Answer: WE have done as requested. Thank you.
Comment: Once the (expanded) term Tridacna crocea is mentioned, use its abbreviated form i.e. T. crocea. Answer: Done, as requested by the referee. However, notice that when the species is starting a sentence, needs to be fully spelled to follow zoological rules. The name also needs to be complete in figure captions, table titles, and subtitles in the main text of the manuscript, in line with rules.
Comment: Line 75-76, Change it into- This study forms part of a broad effort aimed at developing genomic resources of T. crocea and other giant clams. Answer: We respectfully disagree with the referee, the use of ‘of’ in the sentence proposed is not grammatically correct.
Comment: Line 78-79, Point no. (iii) is missing, correct it. Answer: Corrected. Thank you.
Comment: Reference to the Galaxy platform is missing.
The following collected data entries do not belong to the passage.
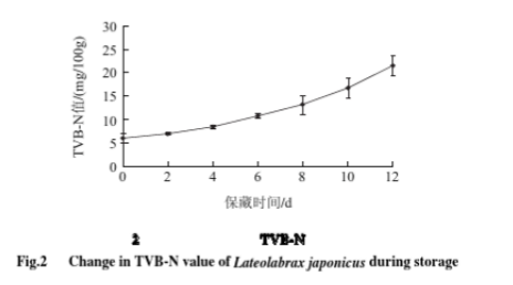 由上圖可知,保藏前4d TVB-N值上升比較緩慢,第4天開始上升加速,說明鱸魚品質(zhì)從第4天開始下滑較快;而由圖一感官得分的變化可知,從第2天開始鱸魚感官品質(zhì)明顯下降,說明在保藏初期鱸魚感官變化比TVB-N的變化更靈敏。第12天鱸魚的TVB-N值為21.6mg/100g,整個保藏過程中TVB-N值均為超過GB/T 18108-2008三級標準的要求(小于30mg/100g)。
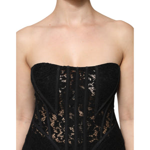 Dolce & Gabbana Black Cotton Floral Lace Corset Bustier Top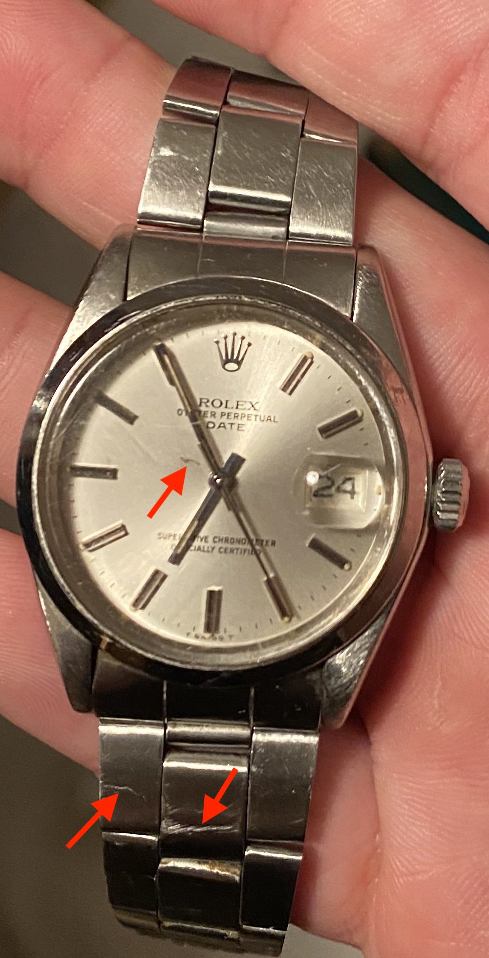·So I’m trying to buy these two watches off someone and considering the condition I wanted to know what would be a reasonable price to give for them. I don’t have much more info on them apart from the pictures. The owner recently passed away and the papers are no where to be found for the Omega. They Oyster has the box and a certificate but I don’t know from which year they’re from. I’m probably going to have to service both after I buy them, especially the Omega since it’s pretty banged up.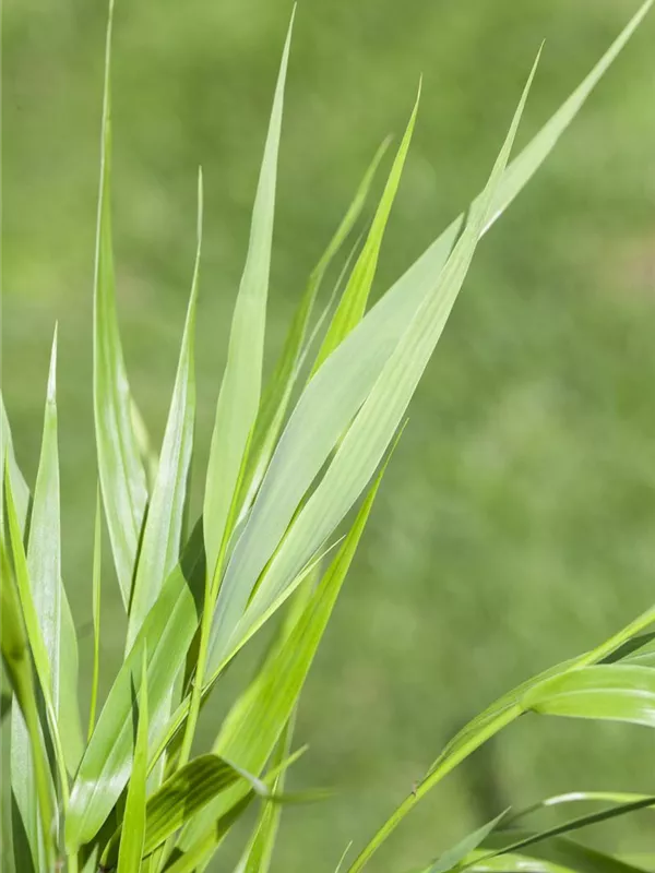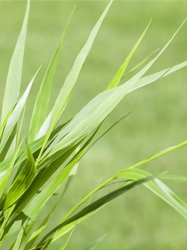 Die sommergrünen Blätter des Japanischen Berggrases sind dunkelgrün, lineal.

Answer: Cited, as requested by the referee. Thank you.
Reviewer 2 Report
This manuscript provides valuable information regarding genomic survey and resources for the boring giant clam Tridacna crocea, particularly as it s an evolutionary, ecologically, economically, and culturally important reef-dwelling bivalve targeted by a profitable ornamental fishery in the Indo- Pacific Ocean. This information is essential to guide a chromosome-level assembly of the nuclear genome of T. crocea, and will be useful for future conservation or fishery management in this area. The MS has interesting topic and is nicely written. The results are clear. I have only few questions to the authors.
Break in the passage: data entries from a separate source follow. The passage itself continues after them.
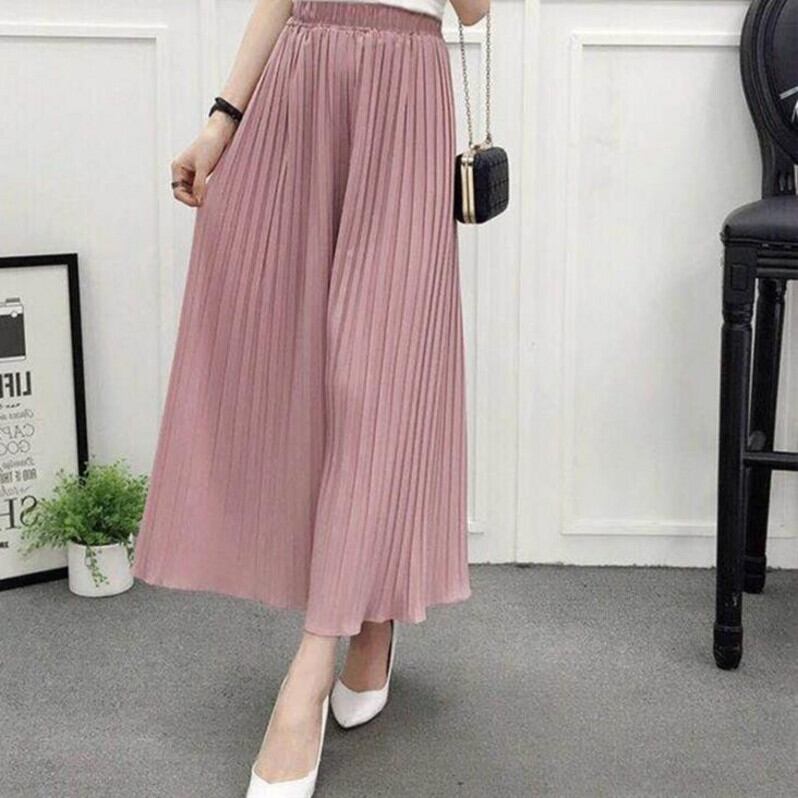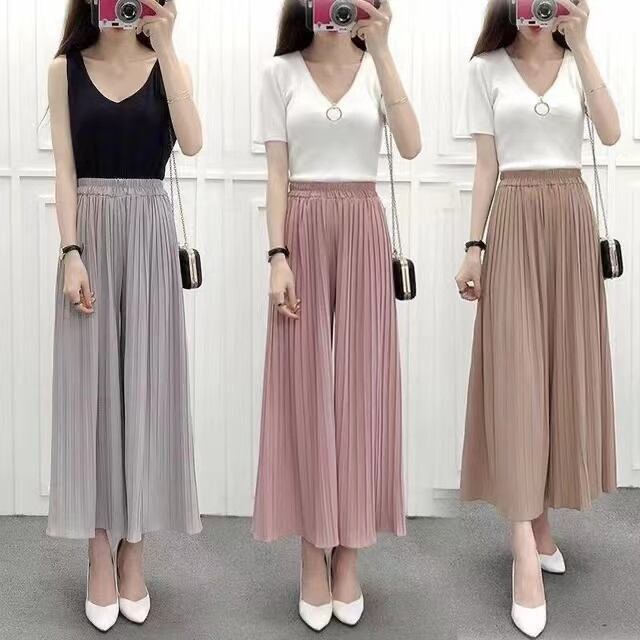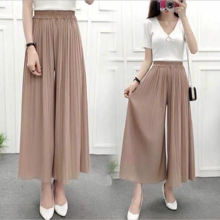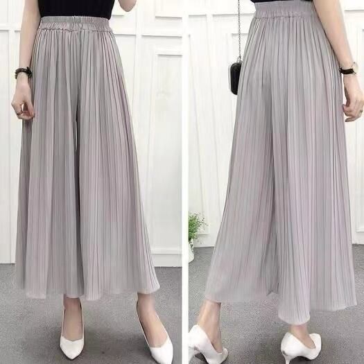 【bottoms】人気item!無地シフォン合わせやすいハイウエストプリーツガウチョパンツ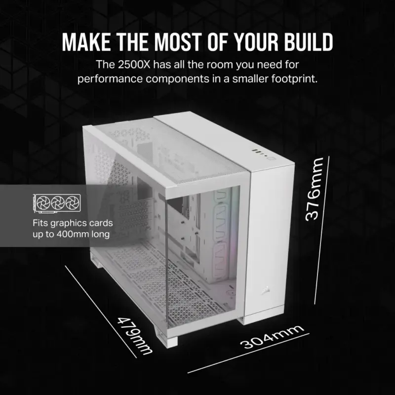 2500X RGB Micro ATX White Dual Chamber PC Case; 2x 3.5” | 2x 2.5” Drive Bays; Up to 360mm Radiator; 2x 120mm fan incl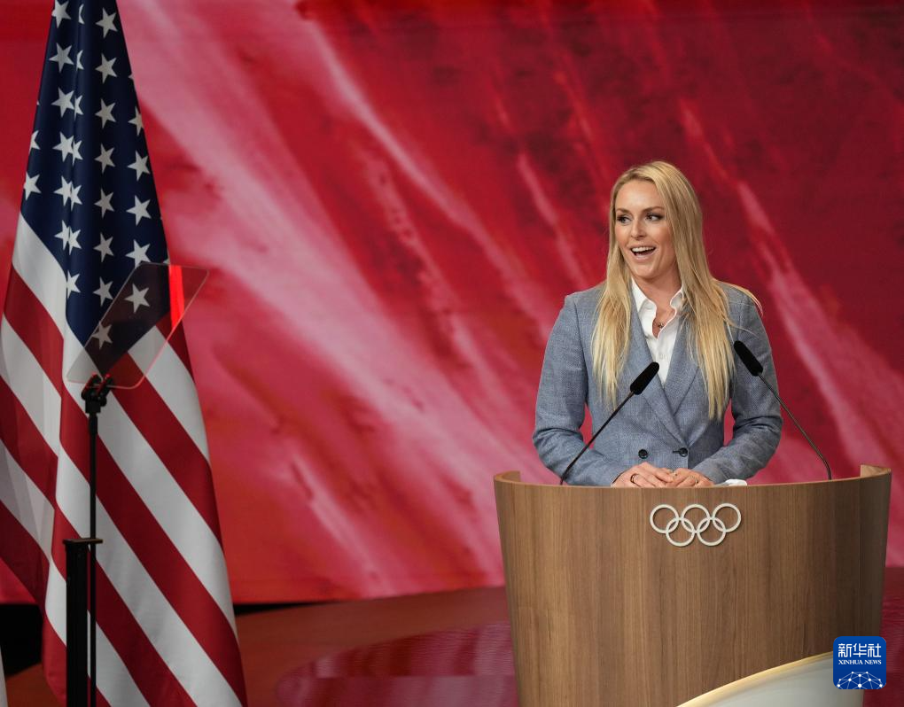 7月24日,美国前高山滑雪运动员林赛·冯恩在国际奥委会第142次全会上发言。新华社记者 孙非 摄

(1) Provide more details about the specimen sampled (e.g. length, weight).
(2) I recommend upload mitochondrial sequences assembled from RNAseq to NCBI Genbank.
Author Response
Thank you for the positive view. We have uploaded the sequence to genbank and we are waiting for a genbank number. We will make sure to have it in time in the case the paper is accepted.
Round 2
Reviewer 1 Report
The authors have attempted to answer all the queries raised by me.
I still suggest authors add a methodology workflow chart as supplementary material for the brief report. It will be better for readers to get a clear-cut view of the methodology.
Besides, authors must adhere to the reference formatting of the journal.